Crack e marijuana, l’attività di spaccio era a conduzione familiare. Arrestati zio e nipote a San Cataldo

Nella mattinata del 12 Luglio i Carabinieri della sezione operativa della Compagnia di Caltanissetta e della Tenenza di San Cataldo hanno dato esecuzione all’ordinanza di custodia cautelare in carcere emessa da G.I.P. presso il Tribunale di Caltanissetta, su richiesta della locale Procura della Repubblica, nei confronti di B.A. e F.S., zio e nipote, rispettivamente di 41 e 21 anni, per il reato di detenzione e spaccio di sostanze stupefacenti in concorso.
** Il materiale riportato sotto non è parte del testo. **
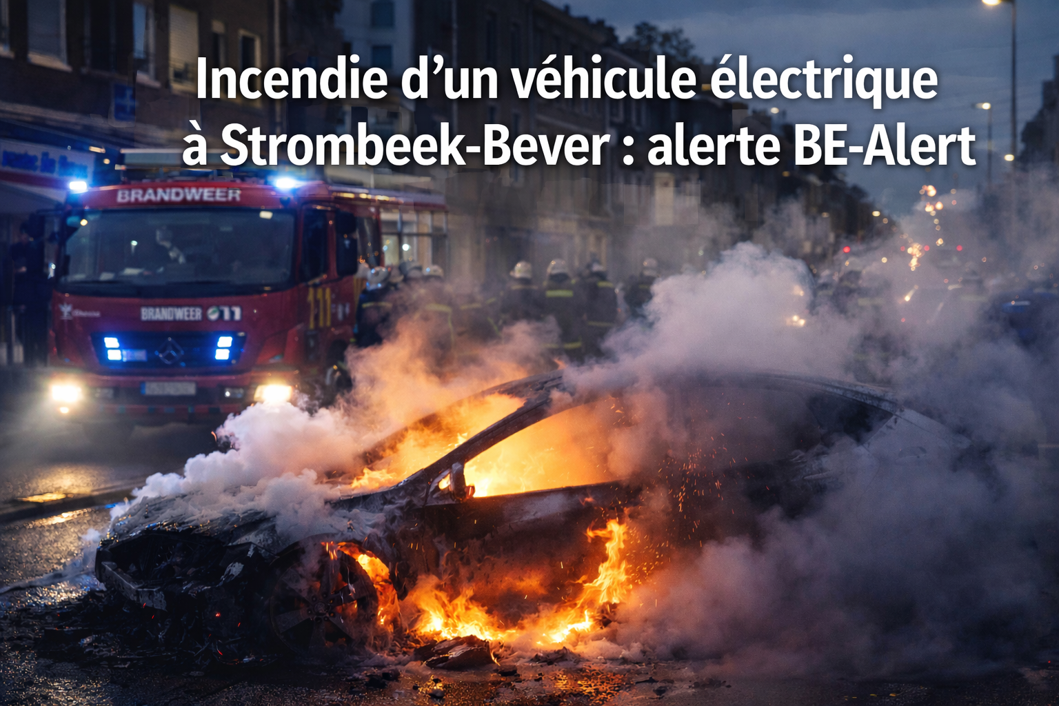 Une alerte de sécurité a été déclenchée ce soir à Strombeek-Bever après l’incendie d’un véhicule électrique à hauteur de l’Antwerpselaan. Les autorités ont rapidement activé le système d’alerte BE-Alert afin d’informer les habitants de la présence de fumées potentiellement toxiques dans la zone.

L’attività investigativa condotta dai militari dell’Arma di Caltanissetta e San Cataldo, sotto il coordinamento della Procura della Repubblica presso il Tribunale di Caltanissetta, ha disvelato ripetute violazioni commesse nell’arco temporale compreso tra l’aprile e il novembre 2020, da parte dei destinatari della misura cautelare, della disciplina sugli stupefacenti.

Le indagini, condotte attraverso l’acquisizione di immagini video ottenute con l’installazione di apposite apparecchiature di ripresa e poi corroborate dai contenuti dei dialoghi captati dall’ulteriore attività di intercettazione, hanno consentito di appurare le modalità esecutive dell’attività criminale degli indagati. Lo schema seguito per l’attività di spaccio, relativo principalmente a sostanze quali il crack e la marijuana, seguiva uno schema piuttosto consolidato: gli acquirenti erano soliti recarsi per l’acquisto dello stupefacente presso l’abitazione posta al piano terra di uno dei due arrestati, ubicata in un complesso di edilizia popolare a San Cataldo che, per caratteristiche strutturali e posizione urbanistica, era tale da favorire l’attività illecita poiché dotata di doppio accesso su due diverse vie e – pertanto – facilmente raggiungibile dagli assuntori.

I clienti infatti, nei pressi dell’abitazione, venivano sempre raggiunti sulla pubblica via dagli spacciatori i quali, dopo aver preso l’ordinativo, facevano un rapido rientro all’interno dell’abitazione per recuperare lo stupefacente richiesto per poi riavvicinarsi nuovamente ai clienti per la consegna, restando all’esterno dell’autovettura oppure salendo a bordo della stessa. Numerosi i riscontri ottenuti dai militari dell’Arma nel corso delle attività: il sequestro di circa 40 grammi di marijuana precedentemente acquistata da parte di diversi soggetti, tutti segnalati alla competente Prefettura quali assuntori, dopo essersi riforniti dai due spacciatori; l’arresto in flagranza, per la detenzione di crack già suddiviso in dosi, di B.A. a San Cataldo il 23.11.2020. Le riprese video, oltre a documentare le singole condotte di spaccio, hanno permesso di acclarare che il tessuto di relazioni tenute da zio e nipote fosse quasi esclusivamente rivolto ad altri soggetti gravitanti nell’ambito delle droghe. Le intercettazioni hanno poi permesso di confermare ulteriormente la costante disponibilità di sostanze stupefacenti dei due indagati e il loro pieno inserimento nelle dinamiche relative allo spaccio.

In talune conversazioni il linguaggio e i riferimenti sono stati assolutamente espliciti (parlando, con diversi interlocutori, ad esempio di canne, denaro contante quale provento dei reati, merce da consegnare dietro corrispettivi in denaro, erba), talvolta, invece, con linguaggio codificato (parlando, ad esempio, di olio). La chiarezza o l’assenza di ambiguità delle conversazioni non ha lasciato margini interpretativi sul reale contenuto dei dialoghi.